My code beneath works fine. But... I think there is a more efficient way of coding this. But I can't figure it out. I thought reset_index() worked well, but it doesn't in this case. So, all suggestions are welcome. Thanks in advance!
I have a large dataframe (hospital data). All data are from 2017, 2018 and 2019. The column: spoedelectief can have two values: one for emergency and one for non emergency patient. In Dutch emergency is called Spoed. So, emergency is S and non emergency is E.
From the dataframe I want to make ( to visualize the amount of emergency and non emergency each year) a new dataframe. But I'm stuck with that.

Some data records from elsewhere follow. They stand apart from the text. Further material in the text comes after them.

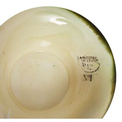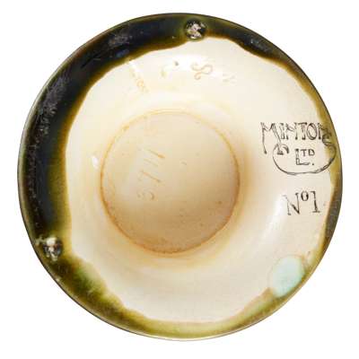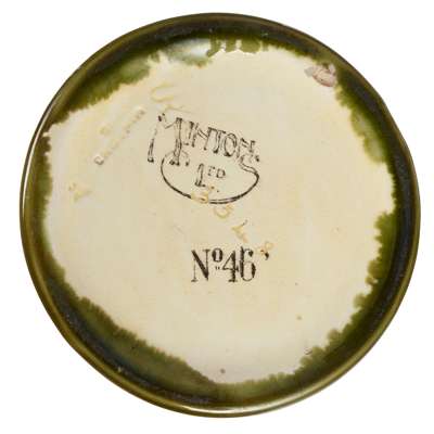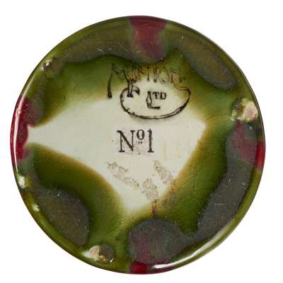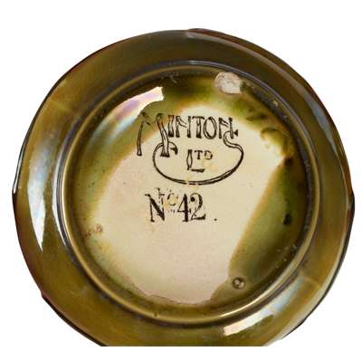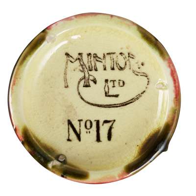tube-lined and glazed earhenware, printed 'MINTONS LTD.', 38.4cm (15 1/8in) diameter; together with a MINTONS VASE, printed 'MINTONS LTD.' and 'No. 1', impressed 'MINTONS', incised '3652', 29.5cm (11 5/8in) high; a MINTONS VASE, indistinctly stamped 'MINTONS', impressed '3709', 29.5cm (11 5/8in) high; and a MINTONS VASE, printed 'MINTONS LTD.' and 'No. 1', 24cm (9 1/2in) high; a MINTONS VASE, printed 'MINTONS LTD' and 'No. 46', impressed 'MINTONS', incised '3548', 15.5cm (6 1/8in) high; a MINTONS VASE, printed 'MINTONS LTD.' and 'No. 42', 13.5cm (5 3/8in) high; and a MINTONS VASE, printed 'MINTONS LTD.' and 'No. 17', 13cm (5 18in) high
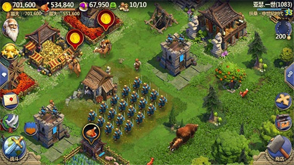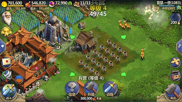 2、玩家可招募并培养步兵、骑兵、弓箭手等各具特色的作战单位,通过科学的兵种搭配与编组,建立起一支适应不同战况的精锐部队。
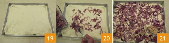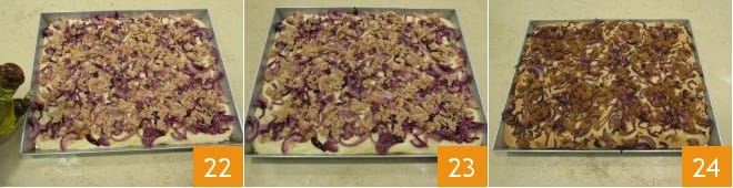 Una vez cubierta toda la superficie de la bandeja 19, espolvorea la focaccia con las cebollas recién salteadas en la sartén 20 y finalmente añade también el atún 21.
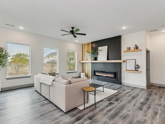 Outstanding plan with zero entry. This home features open kitchen, dining and living room with electric fireplace. Large walk-in pantry. Master bedroom with private bath with walk-in closet/storm shelter plus 2nd closet, walk0in shower and separate tub. 4th bedroom/office with French doors.

Some code;
test = df_new.groupby(df_new['operatiejaar'])['spoedelectief'].value_counts().sort_index()
gives back a Pandas Series:
operatiejaar spoedelectief
2017 E 5459
S 1054
2018 E 6191
S 1029
2019 E 6160
S 1159
For visualisation in Seaborn I tried to make this a DataFrame with reset_index() but that gives an error:
ValueError: cannot insert spoedelectief, already exists
Making test a DataFrame works:
test = pd.DataFrame(test)
With this result:
But test.columns gives this:
Index(['spoedelectief'], dtype='object')
Underneath the code I used to create a DataFrame as I wanted:
test = df_new.groupby(df_new['operatiejaar'])['spoedelectief'].value_counts().sort_index()
jaar_list = []
spel_list = []
totaal = []
for index, value in test.items():
jaar_list.append(index[0])
spel_list.append(index[1])
totaal.append(value)
spel_jaar = pd.DataFrame(
{'jaar': jaar_list,
'spoedelectief': spel_list,
'totaal': totaal
})
Which gives the desired DF:
How to code this much easier / directly from the original DF? thanks!